The same could be said of business. In far too many businesses we hear about the 'them and us' attitude that exists between sales and credit departments and how neither party is at fault when something goes wrong.

Take for example my own experience last week when I checked into a hotel ahead of the ICM Regional Roadshow in Sheffield. It was late and I was tired. I took the lift to the fourth floor only to find that the key card wouldn't open the door to room 411 (a not unusual occurrence in my experience) so I returned to reception and had the key card re-coded. The new key worked perfectly but as I stepped into 'my' room I realised from the bags on the bed and the clothes on the floor that somebody had got there first.

I returned to reception and was moved to a new room that was mercifully vacant. On my third visit to the Reception desk, I asked the very pleasant young lady why she didn't feel the need to apologise for the inconvenience I had been caused. Since the card coding machine malfunction wasn't her fault, and someone else had made the error that resulted in me being booked into an already occupied room, it was clear - in her mind at least - that there was nothing for her to apologise for!

Wherever we sit in an organisation, but especially as credit professionals, when we communicate with customers, suppliers or any other stakeholder, how we respond reflects on our business and how it is viewed. As Glen Bullivant reminded us at the Sheffield Roadshow last week, credit management - whether we like it or not - is customer service because we face the customer, we talk to the customer, and we manage the customer. Doing it well, and working effectively with all other parts of the business, is just one way in which we add real value. I'm reminded that someone once said: 'There's no pleasure in knowing the hole is in the other end of the boat'.
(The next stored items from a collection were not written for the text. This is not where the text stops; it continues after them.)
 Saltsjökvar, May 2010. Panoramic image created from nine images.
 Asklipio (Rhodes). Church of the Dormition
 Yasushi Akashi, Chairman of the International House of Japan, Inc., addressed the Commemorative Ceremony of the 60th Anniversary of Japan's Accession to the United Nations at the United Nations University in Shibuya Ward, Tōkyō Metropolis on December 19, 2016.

Oh, and if you were in room 411 at the Park Inn, Sheffield last Wednesday, you had a very lucky escape!

Thursday 18 August 2011

Weekly Blog by Philip King, CEO of the ICM - 'Pride in Professionalism!'




A couple of weeks out of the office and I'm back raring to go. I looked at only a few emails, turned off Twitter and was generally very well behaved - I think even Mrs K was surprised! While I was absent, I gave away my daughter on her wedding day which was as perfect as we could have hoped for, spent a few days in the North West of England, and watched the world going mad. Riots in London and elsewhere, the US economy being downgraded, and a possible European financial meltdown as just a few examples. So back to reality and I've decided not to join in the bigger debates that have been going on while I've been away since all the arguments have already been expressed and in better words than I can use.
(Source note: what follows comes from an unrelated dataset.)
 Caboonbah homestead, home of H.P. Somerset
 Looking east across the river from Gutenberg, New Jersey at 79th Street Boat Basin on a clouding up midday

I do want to share some thoughts on professionalism though. The Institute of Credit Management (ICM) delivers cash for business by empowering credit professionals working in those businesses to be more effective, and a couple of emails received from ICM members during my holiday reminded me of just how important the credit management role is. Members of the ICM are professionals working in the field of credit management who recognise the importance of what they do and are keen to develop their own knowledge and careers, whether that is through qualifications, training courses, keeping up-to-date through reading Credit Management magazine and ICM Briefings, attending regional networking events, participating in online forums, or engaging in other ways. In short, they are showing pride in being professional by belonging to an organisation that supports them, works for them, and encourages them.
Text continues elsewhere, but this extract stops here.